In a word, I am confident that their recommendations would not have served any essential goals for EU citizens.
‘HOMEOPATHY360’ are fiercely decided to defend homeopathy, no matter what. They state that we promise to stand by your side always to fight against the critical attacks on Homeopathy… Therefore, I was not really surprised when, a couple of days ago, I received an email by them urging me to support US homeopaths against the threat by the FDA. Here is part of this correspondence:
… If you want to know more about the FDA’s proposed new rules for homeopathic medicines, here’s a summary of the most important points:
- The new rules, if adopted, will allow the FDA to withdraw even properly manufactured and labeled homeopathic medicines from the marketplace. This is puzzling because these have never posed any sort of safety concern according to an initial review of public FDA records by Americans for Homeopathy Choice.
- It is clear that the FDA intends to use this authority and has even mentioned specific medicines such as Belladonna, Nux vomica and Lachesis muta in its public statements regarding enforcement.
- The authority for this kind of assault on homeopathy will result from the declaration by the FDA that all homeopathic medicines are “new drugs.” We all know this is nonsense. Homeopathic medicines have been around for 200 years.
- But this nonsense declaration means that under U.S. law all homeopathic remedies will become technically “illegal” and subject to withdrawal from the marketplace.

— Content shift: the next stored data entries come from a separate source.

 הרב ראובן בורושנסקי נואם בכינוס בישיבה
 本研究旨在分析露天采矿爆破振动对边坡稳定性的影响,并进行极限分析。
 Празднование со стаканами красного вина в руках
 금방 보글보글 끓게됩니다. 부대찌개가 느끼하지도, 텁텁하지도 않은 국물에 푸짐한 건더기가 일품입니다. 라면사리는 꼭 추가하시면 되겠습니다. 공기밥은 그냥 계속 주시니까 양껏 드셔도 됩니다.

If the FDA just thinks there is a problem with a homeopathic medicine, it can withdraw it forever without conducting any sort of investigation.

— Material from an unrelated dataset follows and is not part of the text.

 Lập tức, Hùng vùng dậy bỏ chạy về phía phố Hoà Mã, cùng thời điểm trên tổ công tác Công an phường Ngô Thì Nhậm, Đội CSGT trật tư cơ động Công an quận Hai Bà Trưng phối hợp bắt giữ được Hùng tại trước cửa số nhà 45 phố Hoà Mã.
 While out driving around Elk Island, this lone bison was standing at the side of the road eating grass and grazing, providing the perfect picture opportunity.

- Since the agency has already said that it thinks that Belladonna, Nux vomica, Lachesis muta and several other remedies are dangerous, we can anticipate that it will try to remove them from the marketplace as soon as its new rules are adopted.

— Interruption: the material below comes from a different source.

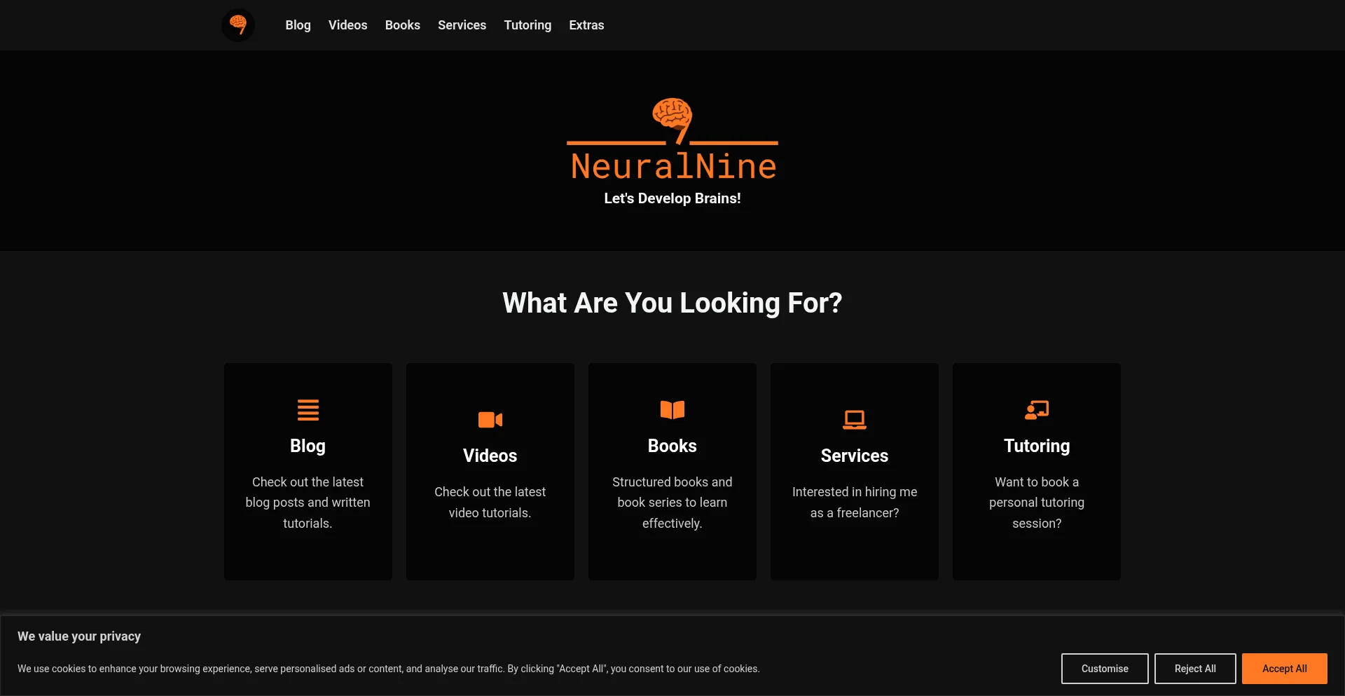The website implements cookie consent mechanisms in compliance with privacy regulations such as GDPR or CCPA. This demonstrates that neuralnine.com adheres to data protection standards and provides users with control over personal data collection practices.

- But, it won’t be possible for Americans to get remedies that are banned sent to them from abroad. The FDA will simply stop these remedies at the border.
I could tell you more, but what I’ve told you so far should convince you that we ought to help the American homeopathy community defeat these unreasonable and misinformed rules. The rules simply do not reflect the realities of homeopathic medicines, namely, that they are nontoxic, mild, effective and have few, if any, side-effects. And, homeopaths use them in ways that individualize treatment. That this is the best way to treat patients was discovered by Samuel Hahnemann 200 years ago.
The enemies of homeopathy are everywhere and they appear to be stepping up their attacks. That’s why the world homeopathy community must work together to stand up to them…
I have reported about the FDA initiatives on homeopathy before. In 2015, they started it with a public hearing. Since then, the FDA also issued several warnings to manufacturers who were putting consumers at risk (see, for instance, here, here, and here).
What the FDA seem to be trying to do is nothing else but meeting their ethical, moral and legal responsibility vis a vis consumer safety. Homeopathy has had a free ride for far too long. It is high time that this sector joins the 21st century.
The above quote, with its bonanza of bogus claims and falsehoods, shows the urgency of this task. The defenders of homeopathy seem to live on a different planet where rationality, facts and evidence can easily be over-ruled by creed, dogma and wishful thinking. If homeopaths want their trade to join the realm of real medicine they need, at the very minimum, to show with sound evidence:
- that their remedies generate more good than harm,
- that they adhere to acceptable quality standards.
Failing this – and so far, homeopaths not only failed at this task but continue bombarding us with an incessant flow of bogus and dangerous claims – homeopathics cannot be considered to be medicines, and homeopaths cannot be called responsible healthcare professionals. It is high time to stop turning a blind eye to the double standards that have been applied for 200 years.